The modal ontological argument (MOA) fails because the kind of necessity ascribed to God is equivocally equated with necessity-as-actuality-in-all-possible-worlds. Classically, theists were minded to say that God is not a part of any (created) world, not even ours: moreover, then, that God is not a part of anything whatsoever (except as a trivial improper part of Itself). The way they put it was (this is in Kant's first Critique), "The Creator and the world are not parts of some greater whole."
So firstly, the MOA is impious, attributing to God a property that detracts from Its transcendent glory. Secondly, then, the possibility of God is not on account of God being "in" some possible world (God is outside of all worlds besides Its own eternity). Thirdly, then, the MOA "begs the question" of how we identify a being as necessary in possible-worlds terms. Suppose one said, "There is a possible world where the Continuum Hypothesis is necessarily true." One does not (usually) intend to say, "The Continuum Hypothesis is therefore necessarily true in all possible worlds." Again, the sense of the word "necessity" here is distinct from the more empirically-minded sense of possible-worlds talk.
Consider that if God "exists in all possible worlds," then God at least either has a transworld identity or has Lewisian counterparts. As noted, neither such property (or any such...) can be attributed to God piously.
Or consider a statement like, "It is possible that possible-worlds talk is false," converted into, "There is a possible world where possible-worlds talk is false." Possibly self-defeating, though see about the modal æther for some more complications.
Does the MOA equivocate between logical, metaphysical, epistemic, and nomological possibility, then?
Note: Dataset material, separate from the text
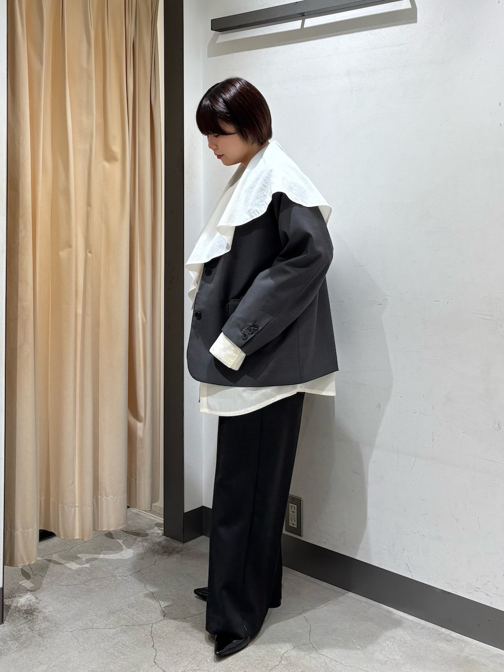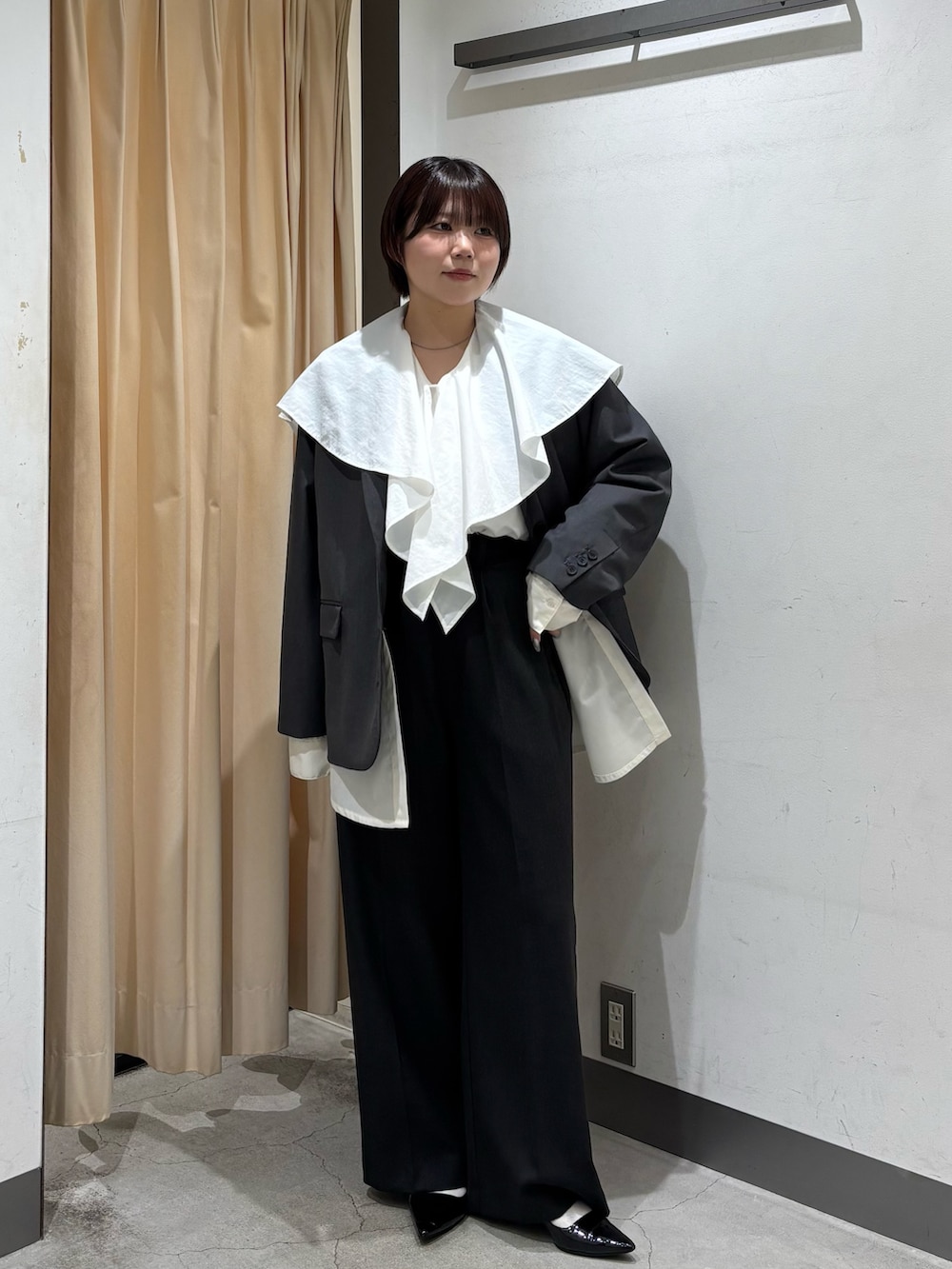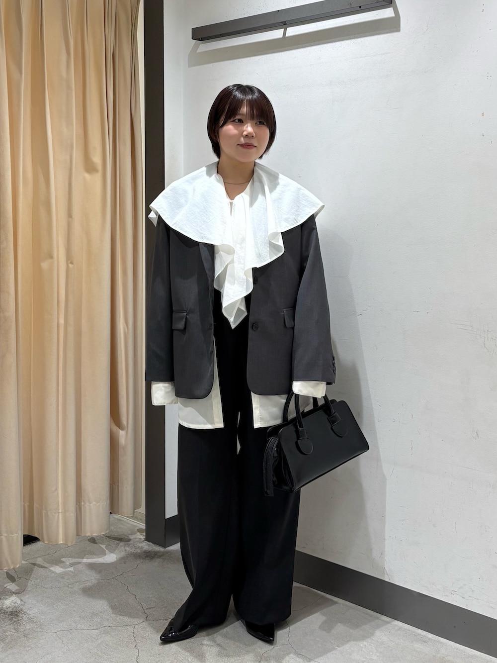 ・ブラウスの襟をジャケットから出して一癖あるオシャレコーデにしてみました.ᐟ.ᐟ.ᐟ

Is it sensitive to the minutiae of the accessibility relation in standard modal logic? Probably "yes" to the first question, "no" to the second. Note further that if God is the Creatrix, then no possible world is actual but on Its willing so. So this "other" possible world we start out from, where God supposedly already is, would only be actual on account of God's creating it, and God wouldn't be in that world prior to its creation. Otherwise, there are possible worlds that count as actualized for some alien, subdivine reason, which undermines the portrayal of the "maximally excellent being" as the sole possible author of reality.
EDIT: I guess the main thing is that the sentence, "There is a possible world with a being B such that B exists in all possible worlds," is not much of an admissible sentence in the kind of modal logic that the MOA tries to use, or at least this is not admissible as an substantive axiom. Besides allowing for arbitrarily many and bizarre necessary beings, it amounts to a sort of circular illustration of any supposedly necessary being. Or then consider the issue of iterated modal operators: the MOA relies on ◊☐A → ☐A, which is allowable in the local modal logic on account of the collapsing rules for iterated modal operators here. Take ¬☐☐A; this goes to just ¬☐A normally, but if such a collapse is blocked, then we have to define God as necessarily necessary, and necessarily necessarily necessary, and so on and on. God's "maximal excellence" means that Its necessity runs through all the (presumably absolutely infinite) iterations of pure modality. That's poetic but it becomes quite murky how we could ever say that (with V = absolute infinity) ◊☐V(God exists) with entire confidence in the meaning of this assertion.